Hello,
I use the notebooks produced from CLI and try to adapt them in order to run in Databricks so I run the following:
import great_expectations as gx
import pandas as pd
import great_expectations.jupyter_ux
from great_expectations.core.batch import BatchRequest
from great_expectations.checkpoint import SimpleCheckpoint
from great_expectations.exceptions import DataContextError
from great_expectations.cli.datasource import sanitize_yaml_and_save_datasource, check_if_datasource_name_exists
from great_expectations.data_context import FileDataContext
from pyspark.sql import SparkSession
from great_expectations.datasource import SparkDatasource
from great_expectations.execution_engine.sparkdf_execution_engine import SparkDFExecutionEngine
context_root_dir = 'path'
context = FileDataContext.create(project_root_dir=context_root_dir)
datasource_name = "my_datasource"
example_yaml = f"""
name: {datasource_name}
class_name: Datasource
execution_engine:
class_name: SparkDFExecutionEngine
data_connectors:
default_inferred_data_connector_name:
class_name: InferredAssetFilesystemDataConnector
base_directory: ..
default_regex:
group_names:
- data_asset_name
pattern: (.*)
default_runtime_data_connector_name:
class_name: RuntimeDataConnector
assets:
my_runtime_asset_name:
batch_identifiers:
- runtime_batch_identifier_name
"""
context.test_yaml_config(yaml_config=example_yaml)

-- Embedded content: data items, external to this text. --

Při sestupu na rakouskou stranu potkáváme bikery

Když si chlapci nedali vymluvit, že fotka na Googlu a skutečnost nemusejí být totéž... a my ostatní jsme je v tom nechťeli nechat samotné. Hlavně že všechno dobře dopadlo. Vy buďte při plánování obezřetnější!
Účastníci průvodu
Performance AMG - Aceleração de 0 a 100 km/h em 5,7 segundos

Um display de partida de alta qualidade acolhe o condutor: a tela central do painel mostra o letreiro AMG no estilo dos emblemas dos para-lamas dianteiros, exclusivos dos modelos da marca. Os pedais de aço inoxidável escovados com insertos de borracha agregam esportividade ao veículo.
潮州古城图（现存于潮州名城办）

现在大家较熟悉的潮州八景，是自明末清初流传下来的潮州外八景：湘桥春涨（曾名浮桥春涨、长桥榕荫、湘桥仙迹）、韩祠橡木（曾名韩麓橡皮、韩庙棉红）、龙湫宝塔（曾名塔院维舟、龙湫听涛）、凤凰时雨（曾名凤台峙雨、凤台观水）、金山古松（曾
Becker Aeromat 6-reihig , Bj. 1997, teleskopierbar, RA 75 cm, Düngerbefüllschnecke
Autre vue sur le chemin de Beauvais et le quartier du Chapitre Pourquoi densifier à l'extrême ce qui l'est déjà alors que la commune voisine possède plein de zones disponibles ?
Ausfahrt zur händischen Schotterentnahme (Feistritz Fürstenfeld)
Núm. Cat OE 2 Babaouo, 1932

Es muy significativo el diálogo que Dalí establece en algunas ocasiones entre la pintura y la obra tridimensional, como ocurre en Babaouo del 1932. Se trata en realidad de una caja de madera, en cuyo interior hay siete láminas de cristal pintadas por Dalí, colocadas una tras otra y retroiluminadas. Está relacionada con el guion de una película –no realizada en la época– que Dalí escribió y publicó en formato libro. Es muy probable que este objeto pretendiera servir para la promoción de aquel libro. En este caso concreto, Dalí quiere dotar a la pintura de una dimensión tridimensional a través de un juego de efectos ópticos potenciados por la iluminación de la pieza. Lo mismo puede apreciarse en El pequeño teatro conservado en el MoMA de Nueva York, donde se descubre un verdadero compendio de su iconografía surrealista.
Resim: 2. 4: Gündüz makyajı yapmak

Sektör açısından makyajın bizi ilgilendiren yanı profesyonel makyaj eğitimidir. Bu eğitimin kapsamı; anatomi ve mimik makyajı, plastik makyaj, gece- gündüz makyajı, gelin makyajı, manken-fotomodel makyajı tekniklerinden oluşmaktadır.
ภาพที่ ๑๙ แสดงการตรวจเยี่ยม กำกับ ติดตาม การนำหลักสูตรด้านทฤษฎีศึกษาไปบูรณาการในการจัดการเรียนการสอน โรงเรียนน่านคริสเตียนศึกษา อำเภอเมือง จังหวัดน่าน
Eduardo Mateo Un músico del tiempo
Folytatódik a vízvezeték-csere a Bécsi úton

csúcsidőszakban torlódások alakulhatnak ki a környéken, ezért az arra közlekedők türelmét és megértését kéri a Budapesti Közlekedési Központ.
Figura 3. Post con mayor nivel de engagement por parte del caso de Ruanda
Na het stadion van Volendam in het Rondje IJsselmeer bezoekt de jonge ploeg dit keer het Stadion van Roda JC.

sanitize_yaml_and_save_datasource(context, example_yaml, overwrite_existing=True)
context.list_datasources()
df_spark = spark.table(f'{table_name_to_validate}')
df_pandas = df_spark.toPandas()
df_pandas_gx = gx.from_pandas(df_pandas)
dataframe_datasource = SparkDatasource(name="my_datasource")

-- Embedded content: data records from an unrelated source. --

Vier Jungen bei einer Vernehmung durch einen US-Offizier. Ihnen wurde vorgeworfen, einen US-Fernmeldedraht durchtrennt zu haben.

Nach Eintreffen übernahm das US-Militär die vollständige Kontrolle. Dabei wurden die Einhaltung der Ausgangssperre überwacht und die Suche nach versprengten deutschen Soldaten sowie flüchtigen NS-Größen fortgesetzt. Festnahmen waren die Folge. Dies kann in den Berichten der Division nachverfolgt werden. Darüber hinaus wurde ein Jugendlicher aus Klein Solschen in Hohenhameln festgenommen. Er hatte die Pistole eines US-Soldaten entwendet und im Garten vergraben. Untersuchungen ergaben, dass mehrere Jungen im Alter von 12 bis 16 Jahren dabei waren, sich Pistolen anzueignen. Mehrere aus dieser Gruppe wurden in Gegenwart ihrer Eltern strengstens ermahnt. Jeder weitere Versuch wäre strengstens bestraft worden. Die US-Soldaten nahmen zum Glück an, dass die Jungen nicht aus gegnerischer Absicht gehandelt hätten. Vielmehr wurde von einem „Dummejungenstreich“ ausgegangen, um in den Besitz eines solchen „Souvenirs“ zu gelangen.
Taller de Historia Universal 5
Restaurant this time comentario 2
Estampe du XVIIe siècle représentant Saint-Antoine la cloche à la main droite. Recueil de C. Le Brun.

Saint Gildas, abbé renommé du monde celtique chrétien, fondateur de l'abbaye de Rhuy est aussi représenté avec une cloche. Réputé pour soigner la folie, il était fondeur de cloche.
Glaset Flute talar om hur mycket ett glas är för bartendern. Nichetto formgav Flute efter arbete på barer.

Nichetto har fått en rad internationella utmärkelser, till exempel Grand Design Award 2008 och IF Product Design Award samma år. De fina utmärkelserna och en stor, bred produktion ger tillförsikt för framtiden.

data_asset = datasource_name.add_dataframe_asset(
name="dataframe_asset",
dataframe=df_pandas_gx
)
The line where defining dataframe_datasource either as SparkDatasource or as
dataframe_datasource = context.sources.add_or_update_spark(name=“case_list_datasource”)
produces an error
ImportError: cannot import name ‘SparkDatasource’ from ‘great_expectations.datasource’
so datasource is not properly created, the data asset cannot be added and consequently validator cannot run.
In CLI, the datasource and data asset are declared manually so what is the corresponding command in python ?
Thank you,
Katerina